# Thoughts on the Lee Valley Pipe Vise?



## torea (Jan 7, 2016)

Hey all! Sorry if this is in the wrong place.

I'm designing a small tabletop workbench to use in my apartment. Since my space is limited, I want the most bang for my buck. I've been considering regular vises for the bench and came across the Lee Valley Pipe Vise - http://www.leevalley.com/us/wood/page.aspx?p=69583&cat=1,41659

Does anyone have any experience with this vise? I thought it'd be an interesting addition, as I could mount one base on the front of the bench and one on the tail, and then just move the vise head as needed.

Thanks!
torea


----------



## klassenl (Feb 13, 2011)

I made a pipe vise out of an extra pipe clamp. It worked quite well.


----------



## LittleShaver (Sep 14, 2016)

I built the Apartment Workbench http://www.leevalley.com/us/wood/page.aspx?p=69603&cat=1,46158,56642&ap=1
From Lee Valley which uses the vises. I called it the scope creep project. Instead of knobs, I used inset ring pulls. Instead of rabbeted drawers, I hand cut half blind dovetails. These two "minor" changes added many hours to the project, but it turned out well enough to win a blue ribbon and Judges Choice awards at the Colorado State Fair.
The vises work quite well for smaller items. A little spendy, but he quality is what you'd expect from Lee Valley.


----------



## BillWhite (Jul 23, 2007)

Boy! I could really smash my thumb in that vice.
Looks like a good idea.
Bill


----------



## nakmuay (Sep 11, 2014)

If you're on a budget, I made a "bench top bench" with a moxon vice using $10 worth of bar clamps.
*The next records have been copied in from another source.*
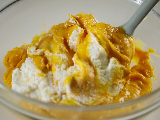 ⑥ マスカルポーネチーズを入れたら、フォークをゴムベラに持ち替えて混ぜる。
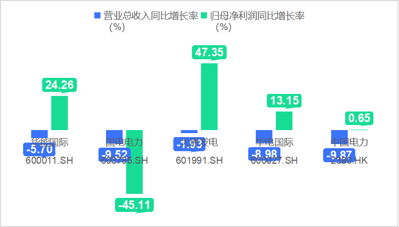 聚焦业绩增速,上半年五大电力上市公司营收同比增长率全部下降;盈利成长性方面,华能国际、大唐发电、华电国际、中国电力均出现不同程度的增长。
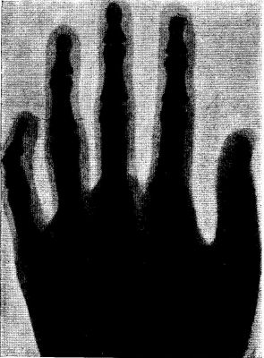 Probably what most aroused the interest of the public was the fact that when a structure, like the hand, was interposed in the path of these rays, the bones would cast a deep shadow, while the shadow cast by the flesh was very faint. It was thus possible to photograph the bones of the living body, and, of course, to show the presence of foreign substances or abnormal growths.
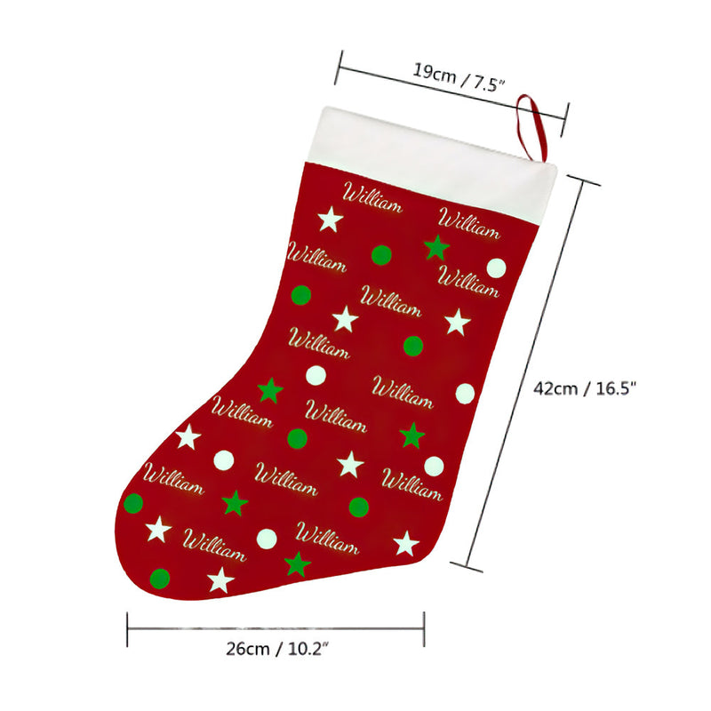Print your text on a real Christmas Stocking. Cheer you up or show your love and support for your loved one with your awesome idea. Look luxurious and noble, cute and fashionable, feel soft and comfortable to touch. Decorate christmas tree, bed, stairs, he fireplace. Let the whole house full of festive atmosphere.
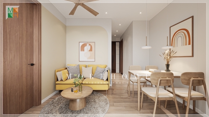 Phòng khách: Một mẫu thiết kế phòng khách gỗ công nghiệp đẹp là kết hợp giữa ghế sofa màu trắng và bàn trà gỗ sồi với chân kim loại. Các đồ trang trí như giỏ tre, đĩa đựng trái cây,.. sẽ tạo điểm nhấn cho không gian phòng khách.
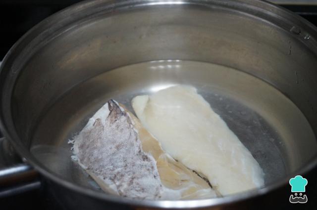 Introduce el bacalao desalado en un cazo con un poco de agua caliente y cuécelo unos minutos. Cuando esté, sácalo y reserva.
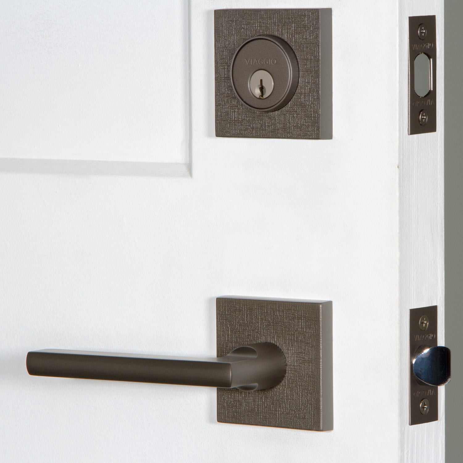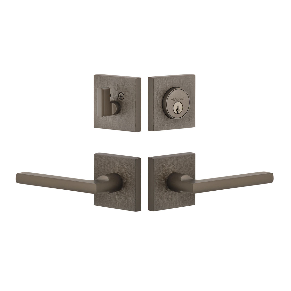 Quadrato Linen Rosette Entry Set with Milano Lever in Titanium Gray
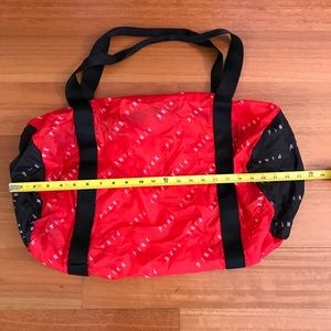 Red, black & white packable duffle bag. Never been used and easy to store. Measurements when bag is laying flat are pictured.
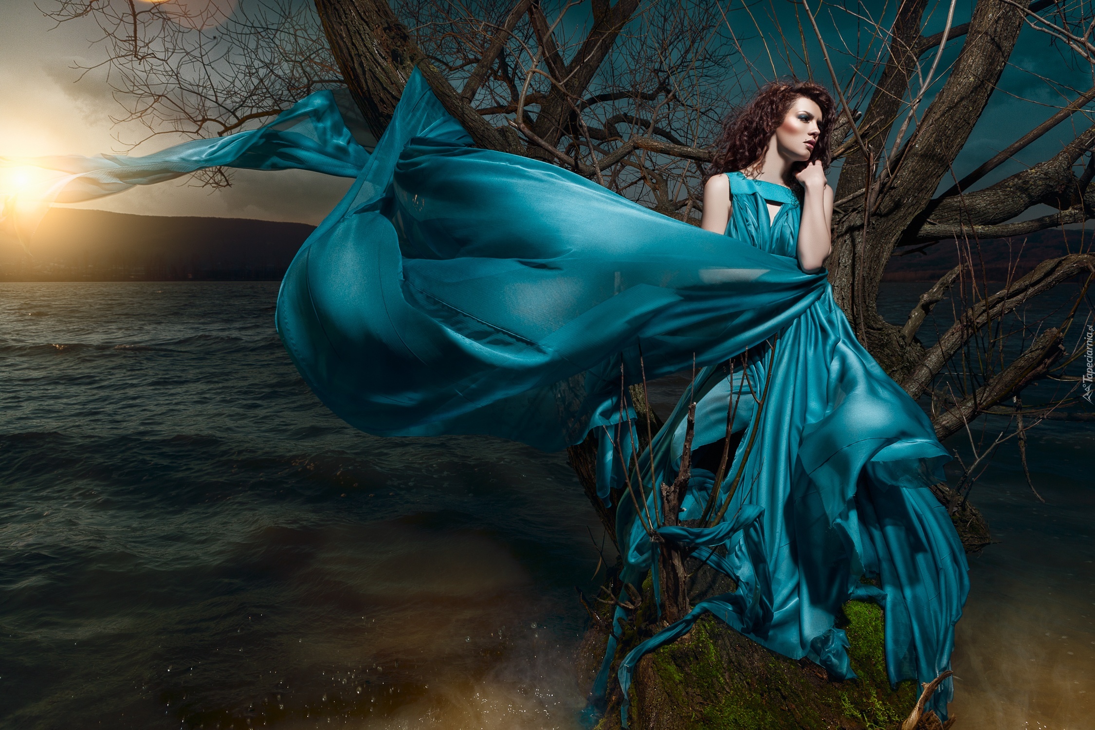 Edytor tapety: Kobieta, Blekitna, Suknia

Works perfect for me. The other option was pair of Shop Fox D2893 Press Clamps


----------



## bbasiaga (Dec 8, 2012)

If you go to youtube, you can search for Jay Bates pipe vice. I made one similar for my bench from 1/2" pipe clamps at Harbot Freight, $12 for two. $3 for a piece of pipe, and a couple bucks worth of scrap wood.

Brian


----------